Disentangling Hate Across Target Identities
Yiping Jin, Leo Wanner, Aneesh Moideen Koya

TL;DR
This paper analyzes biases in hate speech detection models, revealing they often misjudge hatefulness based on target identities and emotional polarity, which can harm vulnerable groups.
Contribution
It provides a quantitative analysis of biases in HS classifiers and explores the influence of stereotypes and emotional polarity on hatefulness prediction.
Findings
Models assign higher hate scores to specific identities.
Hatefulness prediction correlates with stereotype intensity.
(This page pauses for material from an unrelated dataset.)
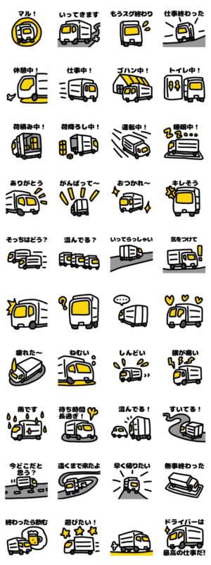 トラックドライバーさんのためのスタンプです。大型トラック、中型トラック、長距離トラック、宅配、車の仕事に携わる方、ぜひ使ってみてください。

Models often confuse hatefulness with emotional polarity.
Abstract
Hate speech (HS) classifiers do not perform equally well in detecting hateful expressions towards different target identities. They also demonstrate systematic biases in predicted hatefulness scores. Tapping on two recently proposed functionality test datasets for HS detection, we quantitatively analyze the impact of different factors on HS prediction. Experiments on popular industrial and academic models demonstrate that HS detectors assign a higher hatefulness score merely based on the mention of specific target identities. Besides, models often confuse hatefulness and the polarity of emotions. This result is worrisome as the effort to build HS detectors might harm the vulnerable identity groups we wish to protect: posts expressing anger or disapproval of hate expressions might be flagged as hateful themselves. We also carry out a study inspired by social psychology theory, which…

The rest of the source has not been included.